For women in long-term monogamous relationships, vasectomy for the male partner is also effective in preventing pregnancy. Hormonal contraception with low-dose estrogen is generally safe and effective³⁴²; however, in a minority of patients, exacerbation of systemic hypertension may occur with such formulations.³⁴³ Combined estrogen and progesterone formulations have a lower contraceptive efficacy and carry a well-documented risk of thromboembolic complications; they are best avoided in patients with previous thromboembolic events, those at high risk of thromboembolic events (eg, patients with Fontan connection and sluggish venous flow), and those who would tolerate thromboembolism poorly.^344,345 They are also inappropriate for patients with congestive heart failure because of the tendency for fluid retention. Barrier methods, such as diaphragms or condoms, are generally safe and effective, but can only be relied upon in the most motivated patients; even then, there is a risk of contraceptive failure. Intrauterine contraceptive devices are effective, but they are associated with an increased risk of pelvic inflammatory disease. This is worrisome in patients with CHD because of the potential risk of infective endocarditis, although the actual occurrence of endocarditis in this setting is exceedingly rare.^346,347

Exercise and Sports

The physical and mental benefits of exercise are well established.^348,349 Participation in sports is also important for the normal socialization of children and adolescents.

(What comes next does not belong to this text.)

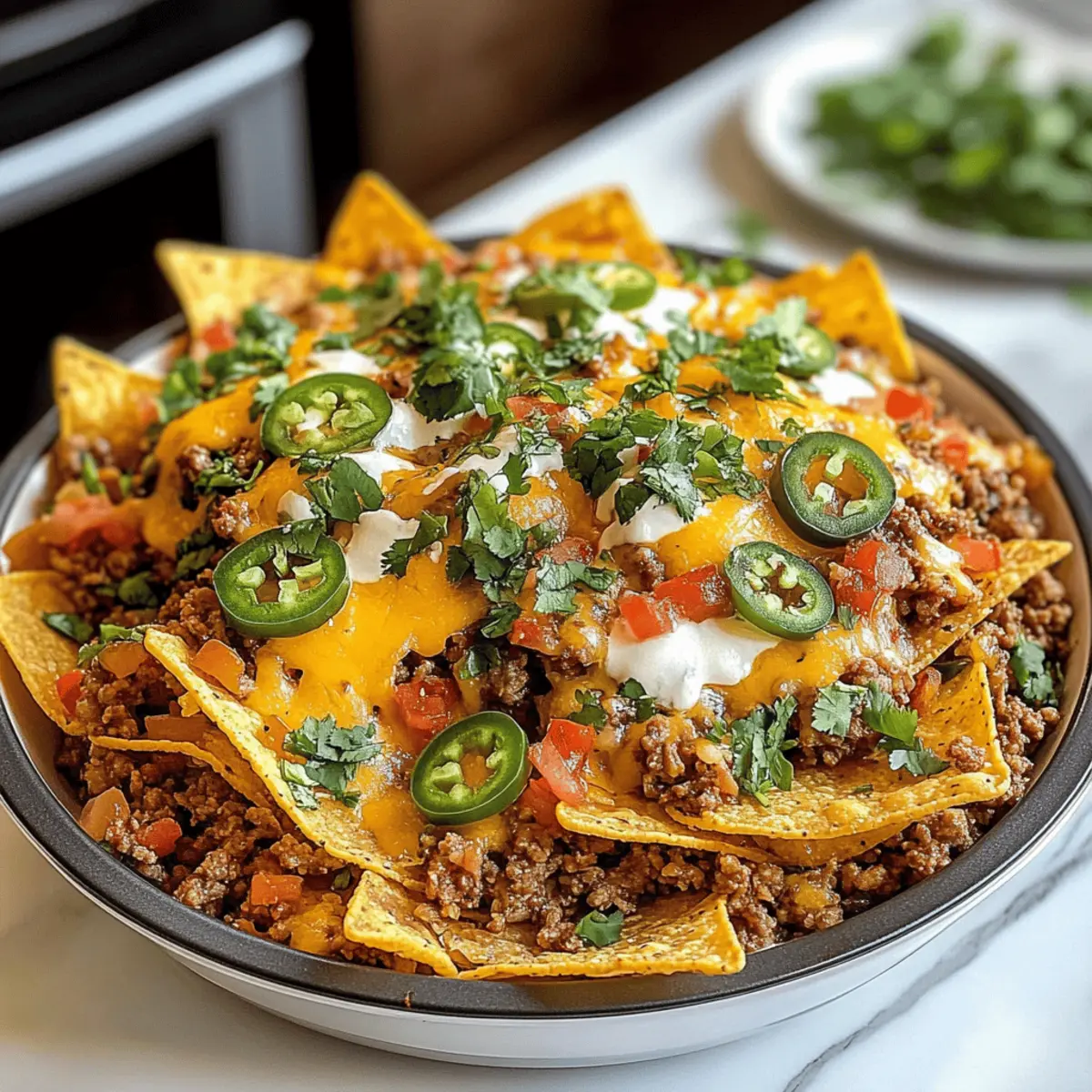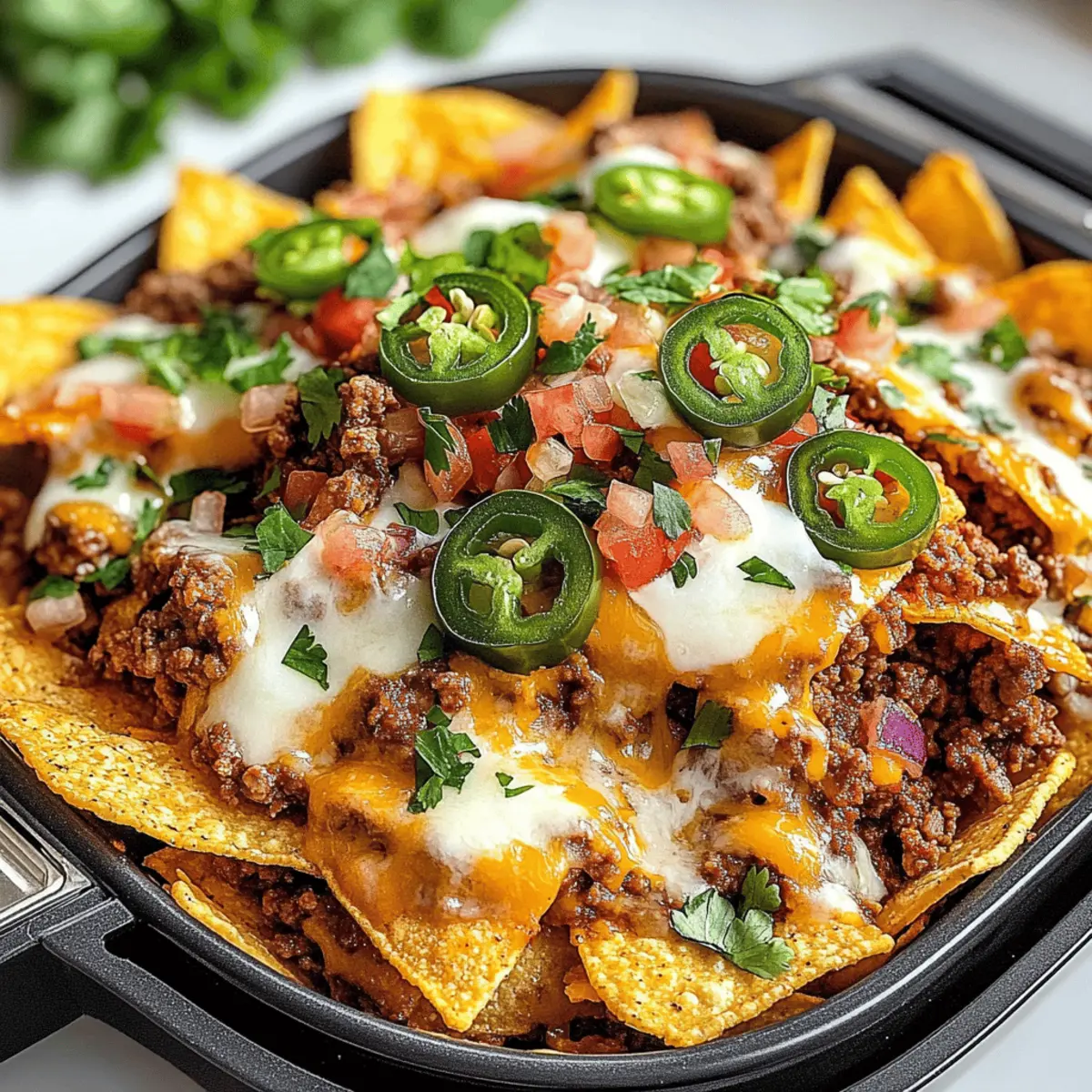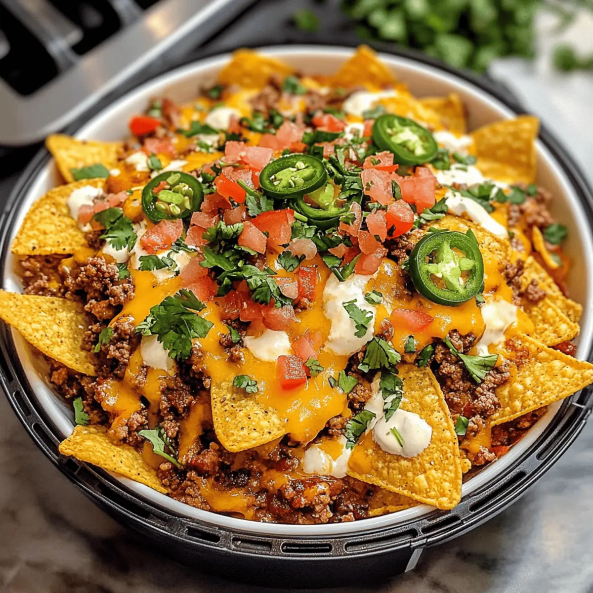 Als ich das erste Mal Luftfritteuse Nachos zubereitete, war ich einfach überwältigt von der knusprigen Perfektion, die ich selbst kreieren konnte. Dieser köstliche Snack ist nicht nur schnell und einfach zuzubereiten, sondern bietet auch unzählige Möglichkeiten zur Personalisierung – perfekt für jedes Treffen oder einen gemütlichen Filmabend. Mit ihren goldenen Chips und dem würzigen, geschmolzenen Käse sind diese Nachos nicht nur ein Gaumenschmaus, sondern auch eine leicht gesündere Alternative zu den klassischen frittierten Varianten. Wer kann da schon widerstehen? Ich kann es kaum erwarten, euch meine liebsten Variationen vorzustellen! Welche wird euer Favorit? Warum werden diese Luftfritteuse Nachos geliebt? Einfachheit: Die Zubereitung dieser Nachos erfordert nur grundlegende Kochkenntnisse und dauert nur wenige Minuten. Vielfalt: Ihr könnt sie nach Belieben anpassen! Vom würzigen Fiesta über mediterrane Aromen bis hin zu süßen Dessertnachos – der Kreativität sind keine Grenzen gesetzt. Gesünder: Durch das Luftfrittieren sind diese Nachos eine leicht gesündere Alternative zu herkömmlich frittierten Snacks. Beliebtheit: Sie sind der perfekte Snack für Partys oder gemütliche Abende zu Hause – sie werden bei euren Gästen garantiert gut ankommen! Probiert sie zusammen mit frischem Guacamole und Salsa für noch mehr Geschmack Salsa-Rezept! Luftfritteuse Nachos Zutaten • Entdecke, wie einfach es ist, deine eigenen Luftfritteuse Nachos zuzubereiten! Für die Chips Tortilla Chips – sie bilden die knusprige Grundlage; dicke Chips sind empfehlenswert für bessere Textur. Für die Füllung Gemahlenes Rindfleisch – sorgt für Proteine und herzhaften Geschmack; du kannst auch mit Putenhack oder einer pflanzlichen Variante austauschen. Taco Gewürz – verleiht dem Fleisch eine würzige Note; selbstgemachtes macht es gesünder. Wasser – bindet die Aromen im Fleisch; benutze Rinderbrühe für mehr Geschmack. Refried Beans – bieten eine cremige Schicht, die die Textur verbessert; black beans sind eine gesunde Alternative. Für den Käse Geriebener Cheddar-Käse – schmilzt und sorgt für eine leckere, käsige Schicht; Monterey Jack oder Pepper Jack sind ebenfalls großartige Optionen. Geriebener Monterey Jack-Käse – sorgt für milde Cremigkeit; Mozzarella ist ebenfalls eine passende Wahl. Für die Toppings Eingelegte Jalapeño-Scheiben – bringen Schärfe und Würze; frische Jalapeños geben einen frischeren Geschmack. Hacker Rote Zwiebel – sorgt für Knusprigkeit und Schärfe; Frühlingszwiebeln sind eine mildere Variante. Frisch gehackter Koriander – als Garnierung steuert er einen frischen Geschmack bei; einfach weglassen oder durch Petersilie ersetzen, wenn gewünscht. Optionale Toppings – saure Sahne, Guacamole, Salsa, Pico de Gallo; passe sie deinen Vorlieben an und füge eventuell fruchtige Salsas für Süße hinzu! Step-by-Step Instructions for Luftfritteuse Nachos Step 1: Rindfleisch zubereiten In einer Pfanne die gemahlenen Rindfleisch bei mittlerer bis hoher Hitze braten, bis es gleichmäßig gebräunt ist. Das überschüssige Fett abgießen und dann das Taco-Gewürz sowie das Wasser hinzufügen. Alles gut vermengen und bei schwacher Hitze köcheln lassen, bis die Mischung dick wird und die Aromen sich entfalten. Step 2: Refried Beans erhitzen Die Refried Beans in einer Mikrowelle oder einem kleinen Topf erhitzen, bis sie gleichmäßig warm sind. Dies dauert etwa 2-3 Minuten in der Mikrowelle. Rühre gelegentlich um, um sicherzustellen, dass sie nicht anbrennen und eine cremige Konsistenz erreichen. Diese Schicht wird den Luftfritteuse Nachos zusätzlichen Geschmack und Textur verleihen. Step 3: Nachos zusammenstellen Den Korb der Luftfritteuse leicht mit Kochspray einsprühen, um ein Ankleben zu vermeiden. Eine Schicht Tortilla Chips gleichmäßig im Korb verteilen. Darauf die erwärmten Refried Beans, die Rindfleischmischung, geriebenen Cheddar und Monterey Jack-Käse, eingelegte Jalapeños sowie gehackte rote Zwiebeln schichten, um Geschmack und Textur zu vereinen. Step 4: Luftfrittieren Die Luftfritteuse auf 175 °C (350 °F) vorheizen. Die vorbereiteten Nachos etwa 3-5 Minuten frittieren, bis der Käse schmilzt und die Chips heiß sind. Achte darauf, den Garvorgang im Auge zu behalten, damit die Nachos nicht verbrennen. Die geschmolzenen Käsebläschen sind ein gutes Zeichen für die perfekte Konsistenz. Step 5: Garnieren und servieren Die fertigen Luftfritteuse Nachos vorsichtig auf eine große Servierplatte geben. Mit frisch gehacktem Koriander garnieren und nach Belieben mit weiteren Toppings wie saurer Sahne, Guacamole und Salsa servieren. Diese köstlichen Nachos sind sofort bereit, genossen zu werden – der perfekte Snack für jeden Anlass! Vorbereiten der Luftfritteuse Nachos für eine stressfreie Zubereitung Diese Luftfritteuse Nachos sind ideal für die Vorbereitung im Voraus, wodurch Sie Zeit in der Küche sparen! Sie können die Rindfleischmischung und die Refried Beans bis zu 24 Stunden im Voraus zubereiten: braten Sie das Rindfleisch mit Taco-Gewürz und kühlen Sie es nach dem Kochen ab, um eine kräftige Aromenentwicklung zu gewährleisten. Die Refried Beans lassen sich einfach erwärmen. Platzieren Sie die vorbereiteten Komponenten in luftdichten Behältern im Kühlschrank für die beste Frische. Bei Bedarf einfach die Tortilla Chips mit den vorgegarten Zutaten belegen und in der Luftfritteuse für 3-5 Minuten auf 175 °C (350 °F) erhitzen, bis der Käse schmilzt und die Chips knusprig sind. So genießen Sie leckere und stressfreie Luftfritteuse Nachos ohne Hektik! Lagerungshinweise für Luftfritteuse Nachos Zimmertemperatur: Die besten Nachos sollte frisch serviert werden. Bei Raumtemperatur sind sie jedoch für etwa 1 Stunde genießbar, bevor die Chips weich werden. Kühlschrank: Reste können in einem luftdichten Behälter bis zu 2 Tage im Kühlschrank aufbewahrt werden. Beachte, dass die Chips dabei möglicherwei

However, unoperated and operated patients with CHD often have diminished exercise capacity (see Fig. 56–4).³² Reduced exercise capacity may reflect both the limitations set upon the individual by the underlying cardiovascular condition and the deconditioning that occurs from adopting a sedentary lifestyle. Inappropriate avoidance of exercise is often reinforced by protective parents or recommended by physicians who are unsure of the cardiovascular risk associated with a specific condition and choose to err on the side of short-term caution.³⁵⁰ The long-term cost of this approach is that many patients with CHD do not reap the immense benefits of exercise.

The 36th Bethesda Conference focused on issues concerning exercise in patients with cardiovascular disease and provided exercise recommendations for this population.³⁵¹ In some patients with simple repaired CHD (eg, ligated PDA), exercise capacity is normal, and the risk of exercise is minimal. On the other extreme are patients with pulmonary vascular disease and cyanosis in whom exercise capacity is severely limited. Exercise results in almost immediate worsening of hypoxemia because of the decrease in systemic arterial resistance and increased shunting of deoxygenated blood away from the pulmonary alveolar bed. These patients should be advised to avoid isometric exercise and confine themselves to mild isotonic exercise.³⁵¹ Between these extremes, the recommendations should take into account the individual patient’s underlying operated or unoperated cardiovascular defect, functional capacity, hemodynamic status, and form of exercise contemplated. Formal exercise testing can help delineate functional capacity. Walking protocols of 6 or 12 minutes can be used to determine the safety of submaximal exercise. Treadmill or bicycle protocols can determine the maximal exercise capacity, coronary artery ischemia, blood pressure response and, importantly, chronotropic response to exercise. Cardiopulmonary exercise testing adds incremental diagnostic and prognostic value, and is highly recommended in patients with CHD.³² Combining the exercise protocol with echocardiographic imaging is useful in determining ventricular function and valvar function and estimating pressure changes with exercise.